Lola’s first lockdown experience happened while she was in the first grade, just three months after the Sandy Hook school shooting, and lasted for two hours. She was in the cafeteria when a police officer had been shot in the head outside of the school. In order to keep the children’s attention away from the windows, her teachers created a game: whoever was able to keep their eyes — and bodies — away from the windows would get a reward. When her mother was finally able to reunite with her, Lola just wanted to share some good news: “She was happy she got a prize for not going near the window,” she says.

Despite her dismay that her daughter has experienced two lockdowns in two different school districts, Letisha makes sure not to let her own fears rub off on Lola. “She feels safe in that people in school will do everything to protect her,” she says. “It’s more of an internal struggle for me, [but] my job as a mom is to be a source of strength for her.”

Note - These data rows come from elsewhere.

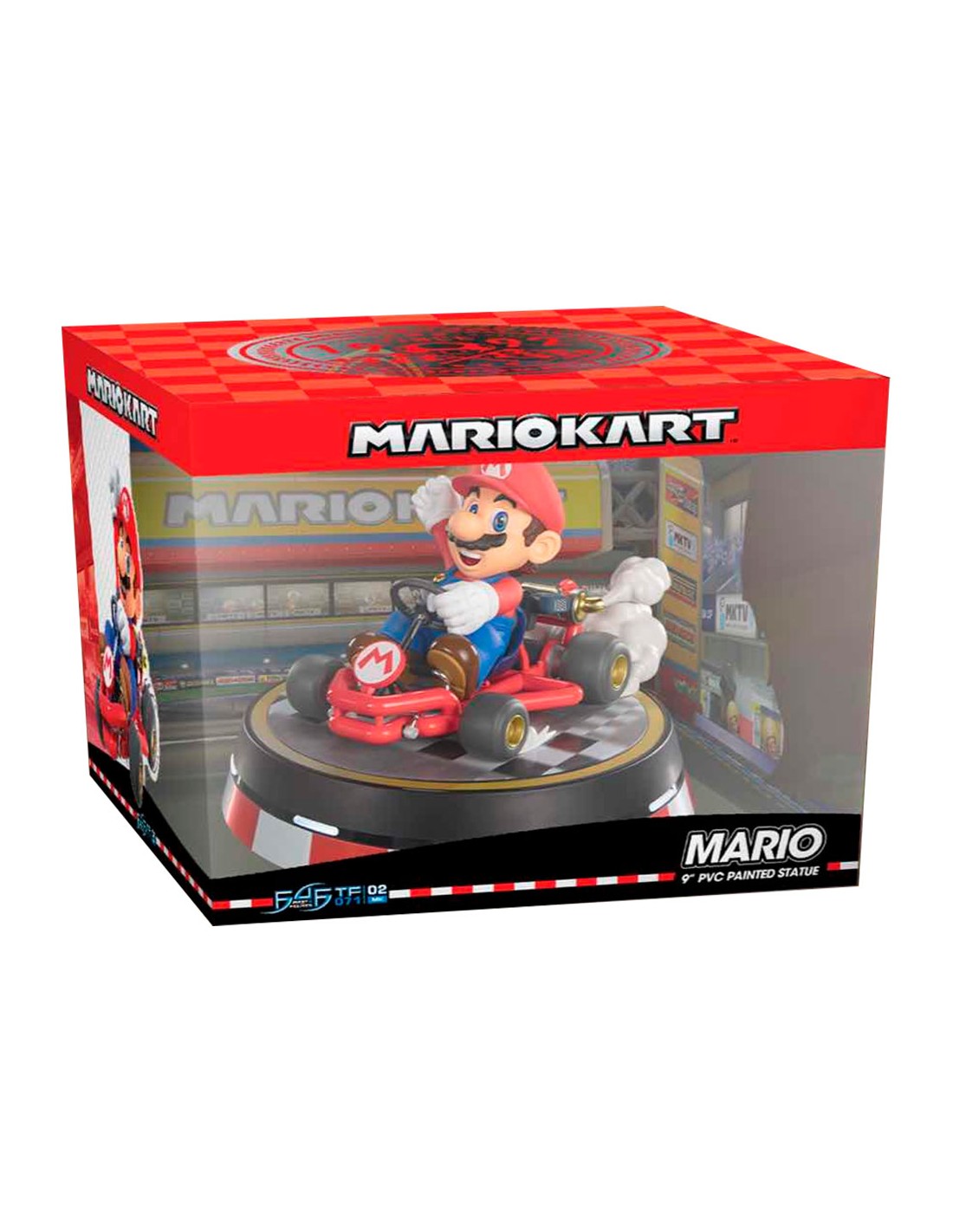 FIRST 4 FIGURES presenta esta estatua de PVC de alta calidad de Mario montado en su carácterístico kart del videojuego Mario Kart. Los toques realistas añaden profundidad y matices a los detalles más pequeños, desde la tela y las costuras de su gorra roja brillante hasta el el humo que sale de las ruedas giratorias de su kart. El propio kart está inspirado en el clásico Pipe Frame, con piezas y detalles realistas. Esta edición coleccionista de esta estatua tiene una base ampliada con función de iluminación LED.El diseño de la base hace que parezca que Mario cruza a toda velocidad la línea de meta. Las largas luces alrededor de la base brillan en un blanco resplandeciente cuando se activan. La estatua se presenta sobre una base redonda negra con texturas de una pista de carreras, un el folleto de F4F y 500 puntos de recompensa.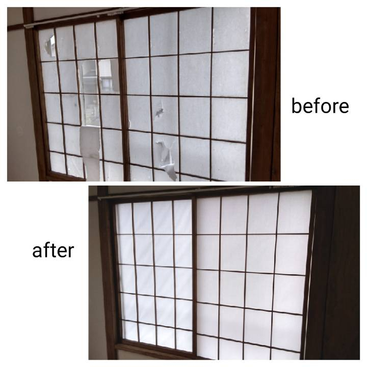 障子戸の張替え、網戸の張替えも行います。空室清掃と一緒にご依頼頂けます。もちろん障子、網戸張替えのみのご依頼もお待ちいております。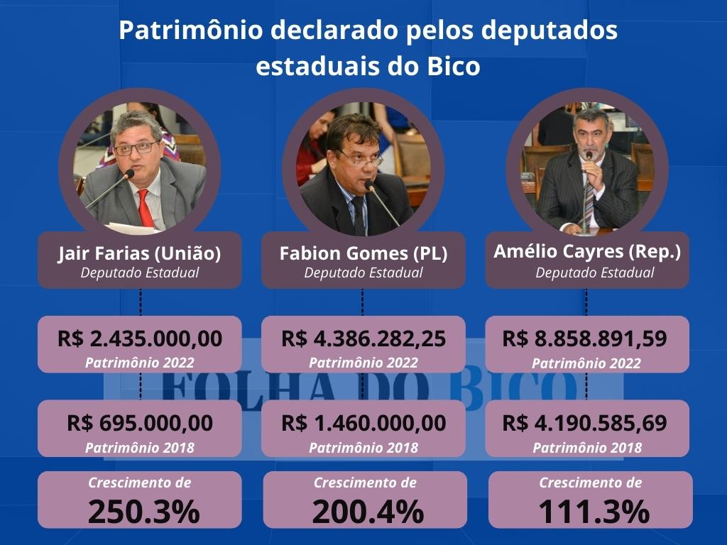 Jair Farias (União), foi o deputado que apresentou maior crescimento de patrimônio durante essa legislatura, entre os três do Bico do Papagaio. Na eleição de 2018, quando tentou e conseguiu vencer a eleição, Jair disse a Justiça, ter R$ 695.000,00. Agora, em 2022, ele declarou uma pequena fortuna, avaliada em R$ 2.435.000,00. Um crescimento de cerca de 250.3% em quatro anos.

This is exactly what Dr. Poland recommends parents do: “If they’re doing OK with this, then your job is not to make them as worried as you are,” he says. “Children look to the nearest adult to see ‘how upset should I be about this?’ The message that they’re safe will go a long way.”
He says the first thing parents should do after their child comes out of a real-life lockdown is reassure them that their school is safe and that the principals and teachers did a good job protecting them. It’s natural that kids will have questions after an event like a lockdown and may even exhibit some signs of stress similar to what Ana experienced with Camila, who wanted to keep the bedroom door open for a few nights. “Parents need to respond with patience, tolerance and love. [Your child] might need to sleep with you for awhile and that’s all right–they need the physical comfort and closeness.” He recommends that parents tell their children the truth about what happened in language that’s appropriate for their age. Answer their questions, but don’t go overboard.
“What’s hard is explaining the kind of world we live in,” says Yolanda. “[My daughter] wants clear answers, but I can’t give her those exact answers — I don’t know what makes people kill people.” After each lockdown incident, Yolanda tried to talk to her daughter “on her level” and explain that there are always people to protect us, no matter the danger.
In addition to frequent and open dialogue with children, Dr. Poland also recommends that schools over-communicate with parents about their lockdown procedures and drills. Yolanda, in particular, wishes her daughter’s school revealed more details about their lockdown drills. “It would give me peace of mind,” she says. “I think I’m more paranoid than [my daughter].” Her biggest frustration was a lack of communication during the actual lockdowns, each of which happened in a different school. She recalls being glued to social media to find updates and trying not to panic.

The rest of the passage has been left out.